XINJIANG (Arrahmah.com) – Menteri Urusan Islam Malaysia mendapat kecaman tajam setelah menggambarkan sebuah kamp interniran Uighur yang ia kunjungi di China sebagai “pusat pelatihan dan kejuruan,” sementara kelompok-kelompok hak asasi manusia dan pejabat AS menyamakan kamp tersebut dengan kamp konsentrasi.
Kontroversi dimulai ketika Menteri Mujahid Yusof Rawa melakukan perjalanan selama delapan hari di Cina.
Pada tanggal 26 Juni ia memposting foto di laman Facebook resminya yang menunjukkan orang dewasa duduk di meja sekolah berwarna kuning di sebuah ruangan yang dikelilingi oleh bunga buatan.

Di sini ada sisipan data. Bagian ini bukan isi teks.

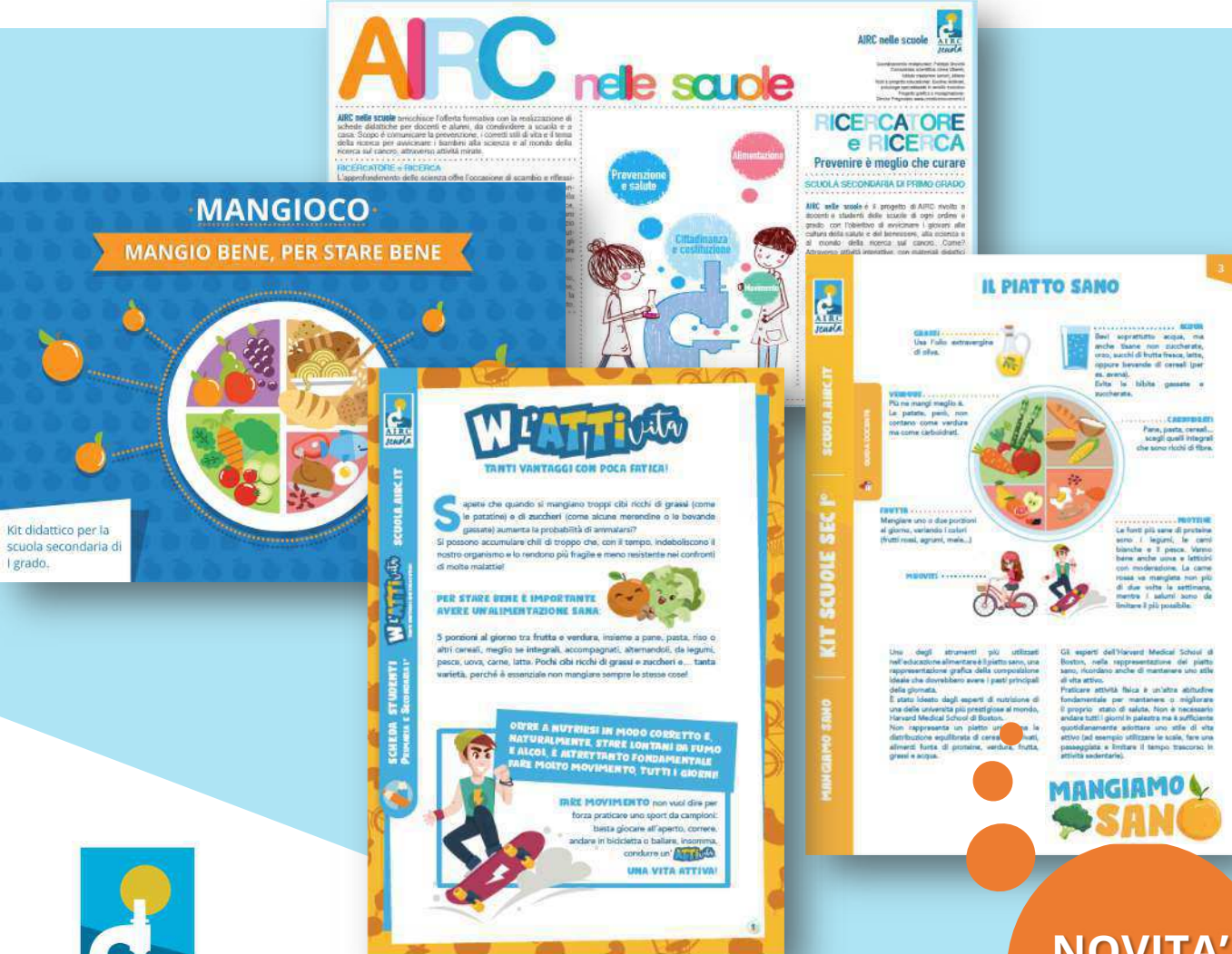
Kit didattico per la scuola secondaria di I grado.

Menteri pada Selasa (2/7/2019) menolak untuk mengungkapkan apakah lokasi tersebut merupakan kamp yang menampung anggota minoritas Muslim Uighur atau menjawab pertanyaan lain tentang perjalanannya ke Cina dari BenarNews, sebuah layanan berita online yang berafiliasi dengan RFA.
“Pusat ini menjalankan kegiatan pelatihan industri dengan berbagai keterampilan seperti menjahit, administrasi, seni, merangkai bunga, dan lain-lain,” tulisnya untuk menerangkan salah satu foto yang diunggahnya, menambahkan Mujahid telah mengunjungi “pusat pelatihan dan kejuruan komunitas Uighur. ”

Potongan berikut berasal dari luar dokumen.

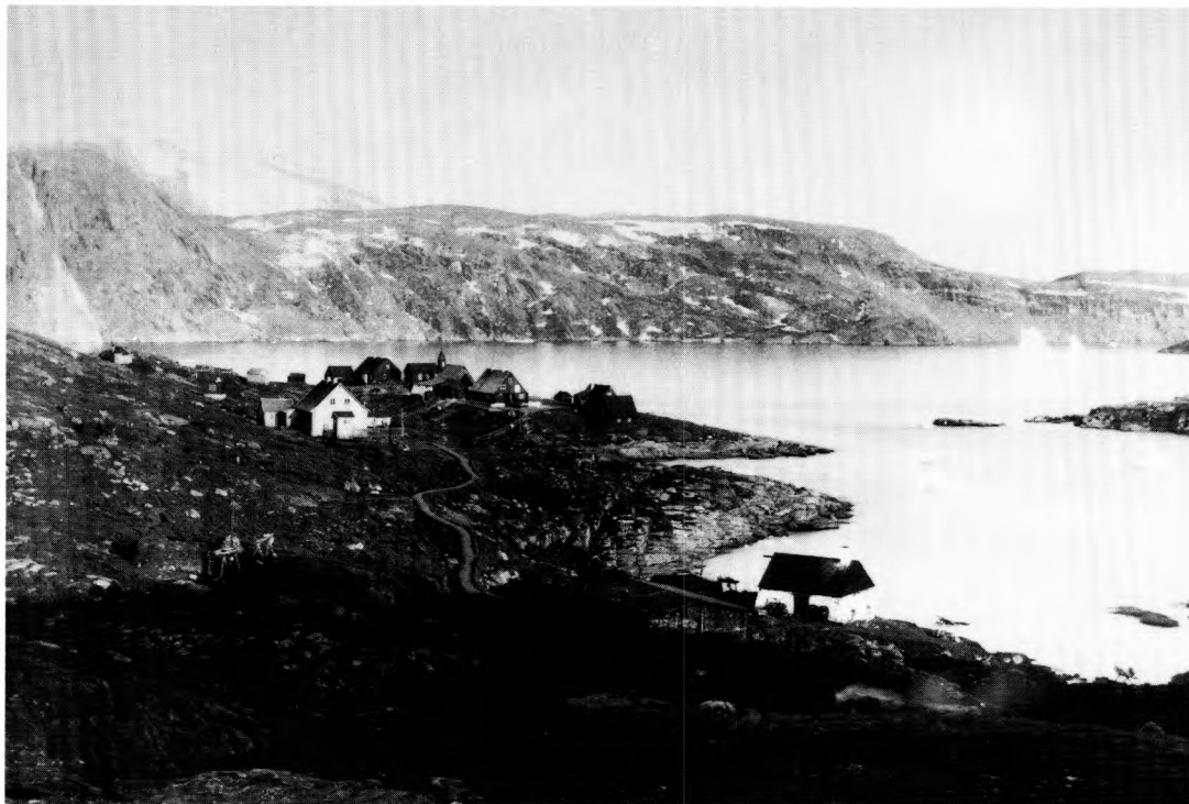
Upernavik 1909. Kolonibestyrerens bolig ses til højre for kirken. Rundt om anes tørvehuse med kajakstativer.

kunne der ikke føres tilstrækkelig kontrol med folk fra bopladserne, og så hjalp det ikke noget at enkelte bopladser afholdt sig fra handel. De kunne godt indse, at forbudet mod tuskhandel var begrundet i smittefare, men da handelen med hvalfangerne var foregået i så mange år uden skade, ville folk nok blive ved med den selvom de fik bøde.

Postingan tersebut tidak mengatakan apakah “pusat pelatihan” itu berada di wilayah Xinjiang, di mana para pejabat dan kelompok HAM AS mengatakan bahwa hingga 1,5 juta warga Uighur dan minoritas Muslim Turkistan lainnya telah ditahan di kamp-kamp penahanan sejak April 2017.
Otoritas Tiongkok sebelumnya membantah keberadaan kamp interniran. Mereka berdalih bahwa itu adalah “pusat pelatihan kerja” yang disiapkan bagi pelaku tindak kriminal.

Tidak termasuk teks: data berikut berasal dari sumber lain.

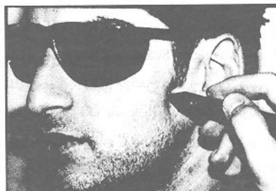
تصویر ۲- نحوه تابش لیزر بر نقاط خارج دهانی

Pada tanggal 27 Juni, Amnest Internasional Malaysia menyatakan kekecewaannya atas deskripsi menteri Mujahid tentang kamp tersebut.
“Amnesti Internasional Malaysia telah mengetahui secara langsung bahwa pihak berwenang Cina menahan Muslim Uighur dan Muslim Turkistan lainnya – di luar proses hukum apa pun – di kamp ‘re-edukasi politik’ karena dianggap tidak loyal kepada pemerintah dan Partai Komunis Tiongkok,” kata pernyataan itu.
“Pihak berwenang menyebut kamp-kamp tersebut sebagai pusat untuk ‘transformasi melalui pendidikan’ tetapi kebanyakan orang menyebutnya hanya sebagai ‘kamp re-edukasi’,” ungkap Amnesti.
Di kamp-kamp itu, orang-orang Uighur menjadi sasaran indoktrinasi politik secara paksa, penyangkalan keyakinan mereka, perlakuan buruk, dan dalam beberapa kasus, penyiksaan, kata kelompok pengawas hak asasi manusia. (rafa/arrahmah.com)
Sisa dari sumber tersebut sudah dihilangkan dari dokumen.